PhantomJS runs JavaScript and comes with a JavaScript API to make your life easy. It extends the standard JavaScript API and adds richer layers of capabilities, such as allowing us access to the underlying file system, ease of access and manipulation of DOM objects, system and environment variable gathering. It even gives us the ability to inject custom scripts into the web page.

But, be warned. PhantomJS is a very active community, and every now and then, changes are being introduced. New APIs and objects are being added, but of course, there are few items that are being changed, and ultimately some of them become deprecated or are totally removed. The PhantomJS website has a full list of all the functions and syntax, and has proper tagging for deprecated functions. We should visit it regularly to check for upcoming updates so that we can adjust appropriately in our codes.

The Module API

While writing custom objects and API sets, you may want to create custom modules that will make your life easier. You can do that in PhantomJS using the Module API. It allows you to create your own modules and import it anywhere in your implementation. The built-in modules are webpage, system, fs (File System), and webserver.

The WebPage API

PhantomJS is a headless browser. Accessing and manipulating web documents are its core functionalities, and that's what the WebPage API is used for. The WebPage API allows us to access, control, and manipulate web documents. It provides a rich interface to easily reference and extract page details including document content. It enables capturing of events, such as page loading, when an error occurs within the page, or when navigating to another page is requested, and so on.
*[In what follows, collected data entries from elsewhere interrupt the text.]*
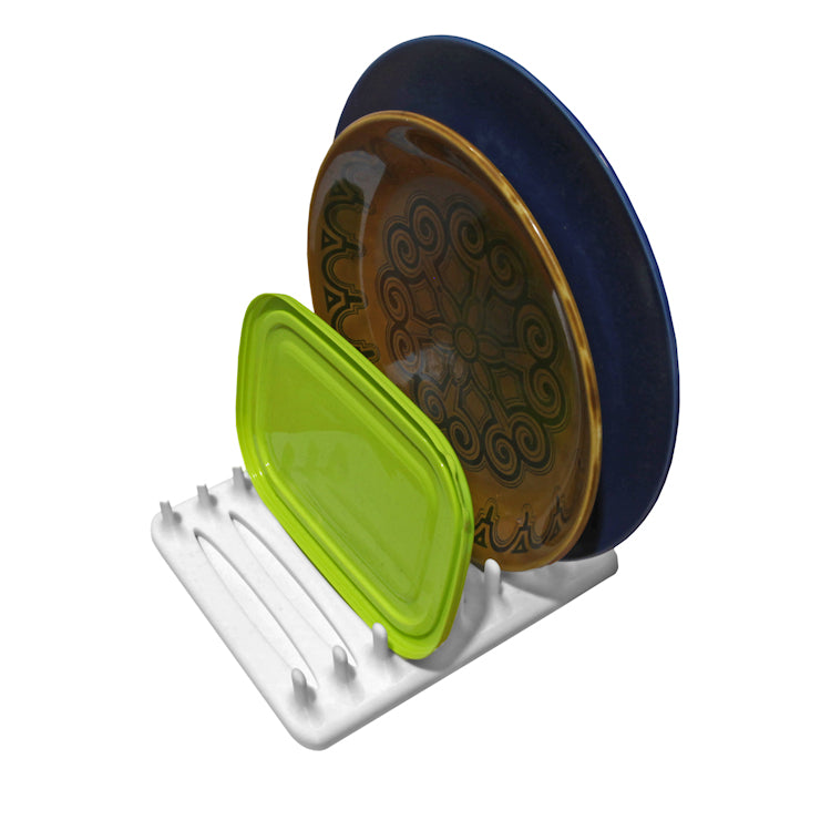 3D-tulostettu säilytysteline lautasille helpottaa keittiön järjestystä. Telineeseen mahtuu jopa 8 lautasta pystyasentoon, jolloin reunat eivät naarmuunnu ja lautaset on helppo ottaa käyttöön yksi kerrallaan. Pystysäilytys vie vähemmän tilaa kuin päällekkäin pinottu pino ja parantaa samalla ilmanvaihtoa kuivuville astioille. Ihanteellinen lautas- ja kansiteline niin tiskipöydälle kuin kaappiin.
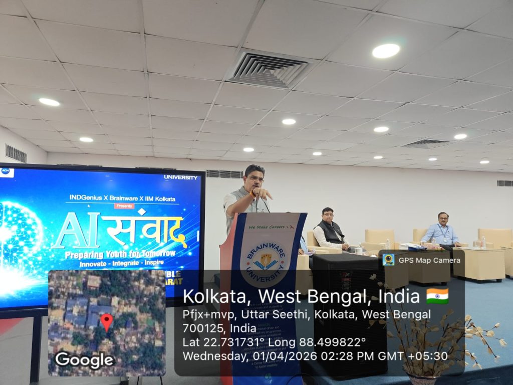 The seminar “AI Sambaad” was successfully conducted on 1st April 2026 at the Auditorium, Building-II, as a collaborative initiative between IndGenius, the Department of CSE (CS & DS), Brainware ACM Student Chapter, and IIM Kolkata. The event aimed to bridge the gap between academic learning and industry exposure while promoting awareness and discussion around Artificial Intelligence.
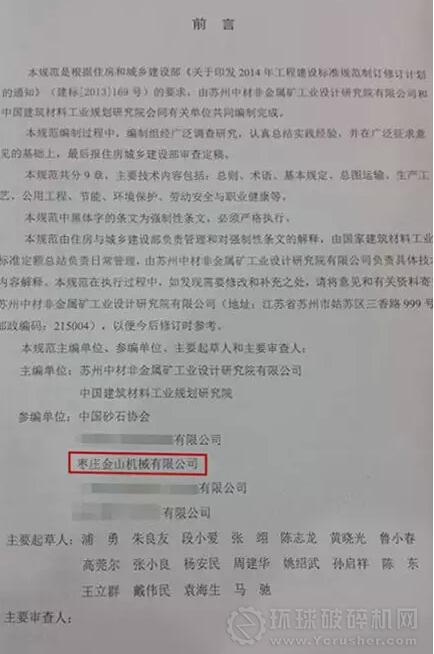 制砂生產線不符合國家環保標準。一直以來,砂石行業都沒有制定標準來規范行業行為。隨著我國砂石骨料行業的發展壯大,編制標準對規范行業行為,促進行業健康發展具有非常重要的意義。棗莊市金山機械有限公司受邀參與此次審定,是砂石骨料行業對金山機械的認可。金山機械研制出了高效節能型
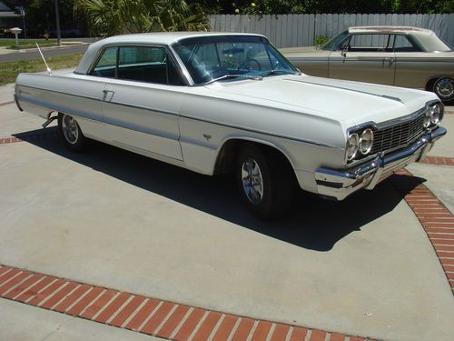 For sale i got an clean original 1964 Chevy Impala coupe with a POWER SEATS which is a very rare option for this year impala with air conditioning. This car is in great condition, paint is very nice, and body is straight, original 283 engine powerglide transmission, power steering. has somekind of Rally rims on it. Car runs good. Interior is in excellent condition like brand new. Everything on this car works all the interior lights, turn signals, dash guages, headlights, everything, new brakes..You just dont find them like this anymore undercarriage is super clean and 100% rust free no rust ANYWHERE on this car. Car is being sold As-Is with no warranty and is the buyers responsibilty to check car prior to bidding. Car is Located in Los Angeles and has a clean title. I have sold a couple cars to overseas buyers and out of state buyers in the past and can offer to deliver the car to any of the shipping companys here in southern california. Most of my cars end up selling before the auctions even end so i have the right to end the auction early if the car sells locally. IF YOU HAVE ANY QUESTIONS YOU CAN CALL ME ON MY CELL AT 714-401-3854 thanks
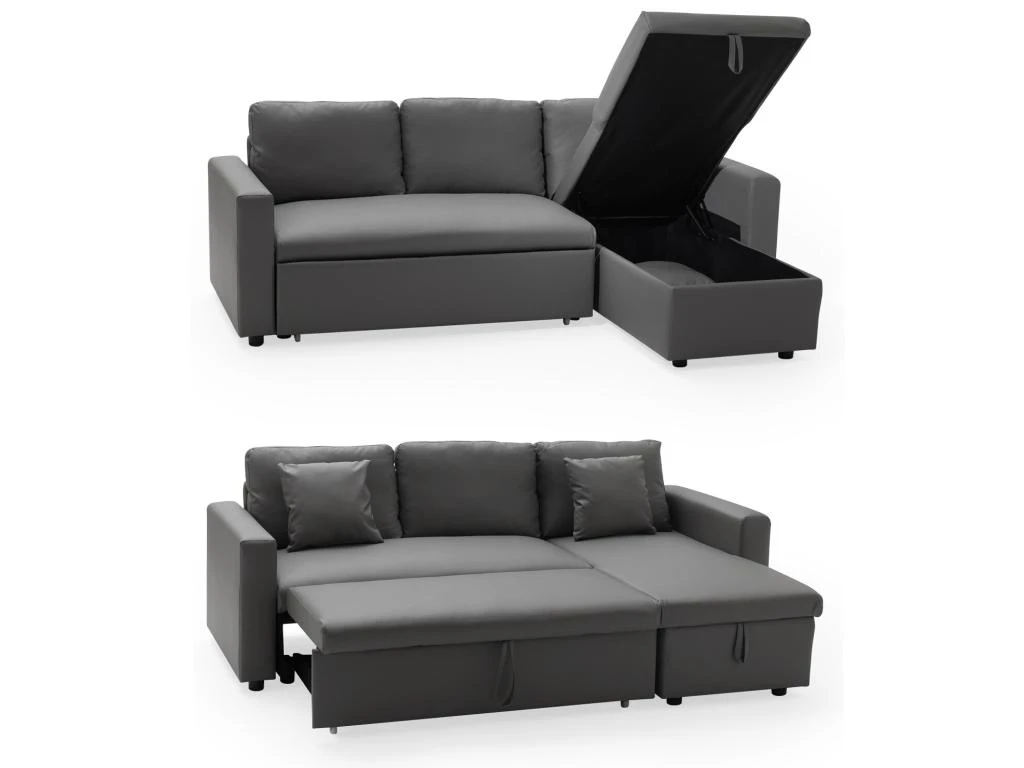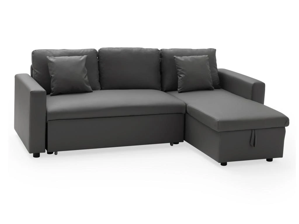 Amateurs de confort à prix doux, découvrez le canapé d’angle 3 places convertible CLARK ! Pratique, la méridienne vous permettra d’avoir les jambes allongées et de faire une petite sieste… Besoin d’un couchage, le canapé d’angle CLARK se transforme en quelques secondes en lit deux personnes très confortable. Il dispose également d’un coffre de rangement sous la méridienne, de quoi disposer couette et oreillers ou tout autre chose, c’est vous qui voyez !
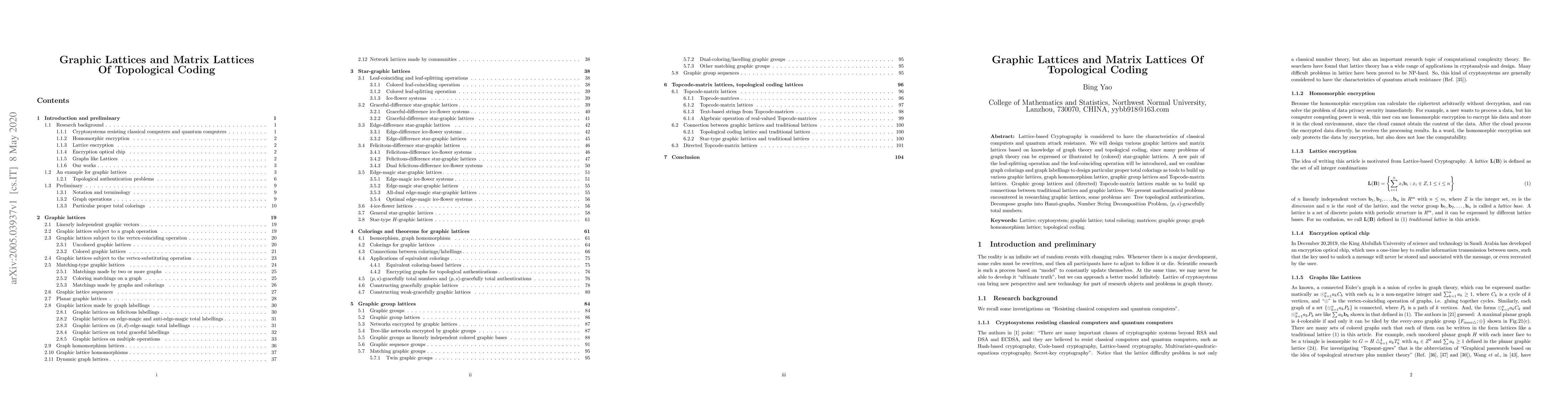 This paper explores lattice-based cryptography through the design of graphic and matrix lattices utilizing graph theory and topological coding. It introduces new leaf-splitting and leaf-coinciding operations and uses graph colorings to construct various lattices, linking traditional and graphic lattices, and discusses mathematical problems like Tree topological authentication and $(p,s)$-gracefully total numbers.
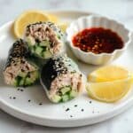 These Tuna Spring Rolls are a fresh and flavorful twist on traditional spring rolls, featuring a spicy tuna filling mixed with Japanese mayo and sriracha, complemented by crisp cucumber and creamy avocado. Wrapped in delicate spring roll wrappers with a hint of toasted sesame oil and served with a tangy tamari-based dipping sauce, they make a perfect appetizer or light meal that’s both satisfying and easy to prepare.
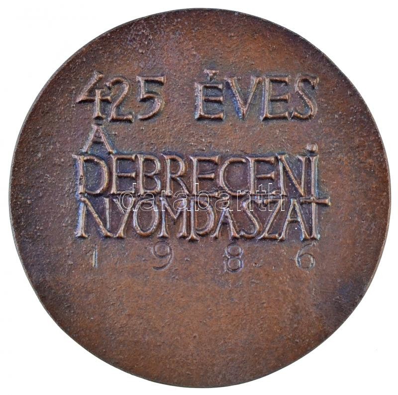 Ligeti Erika (1934-) 1986. "425 éves a debreceni nyomdászat" Br plakett (65mm) T:1-,2
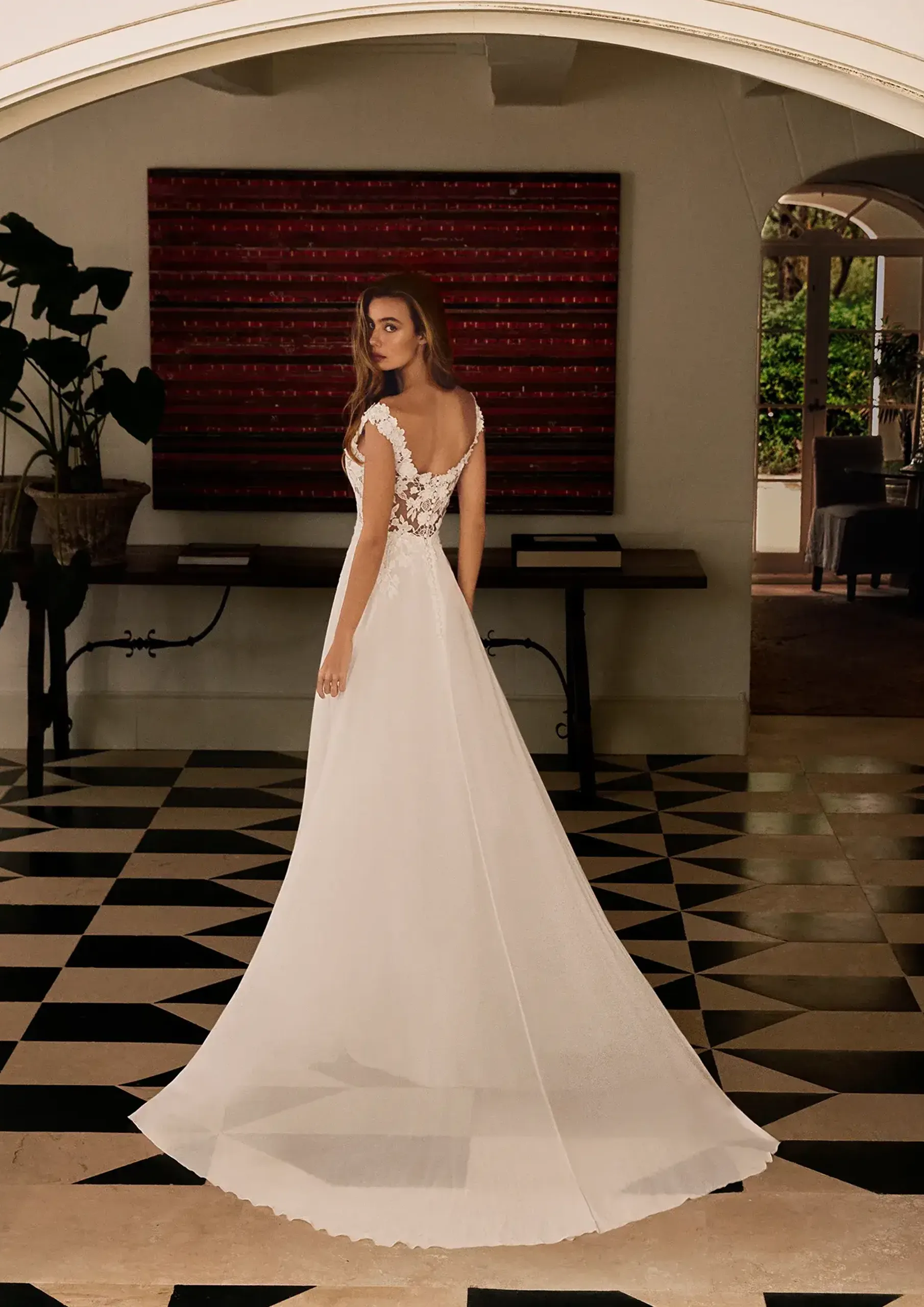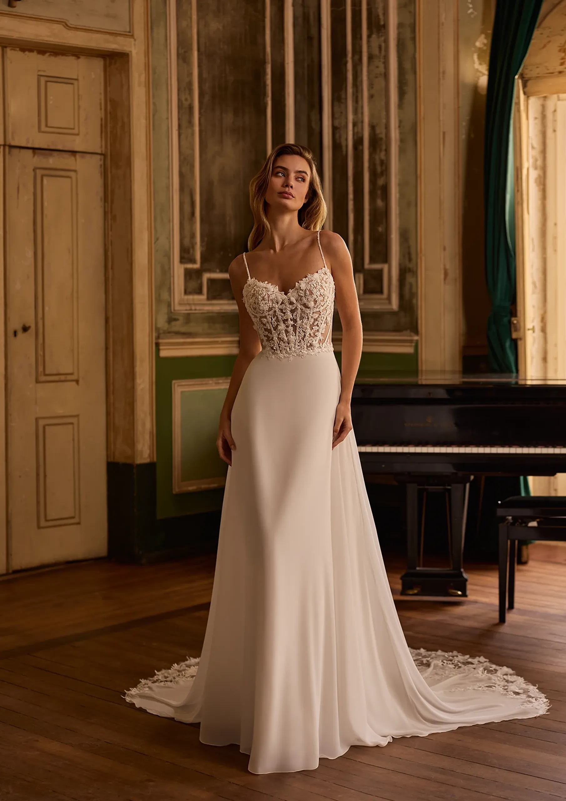 Robe de mariée romantique en ligne A, combinant un corsage à décolleté en V réalisé avec de délicates applications de dentelle et des fleurs 3D, sur une jupe en chiffon soyeux ornée d’applications de dentelle sur l’ourlet.

It is also capable of capturing pages and saving them as images. And more importantly, it allows you to manipulate documents on the fly and traverse DOM as you do with any web page. This is enormously valuable for writing automated user interface tests—for example, you can force click events or post forms, and capture the results—as well as standard web scraping of public URLs.

The System API

The System module provides system-level functionalities ranging from OS information, environment variables, command-line arguments, and process-related properties. The System module is very useful as you engage more in developing applications with PhantomJS.

The FileSystem API

Accessing files, writing to text files, or just reading a custom configuration file—these are tasks that can be done with PhantomJS. FileSystem provides a standard API to perform file I/O. You can read, write, and delete files; you can even list folder files.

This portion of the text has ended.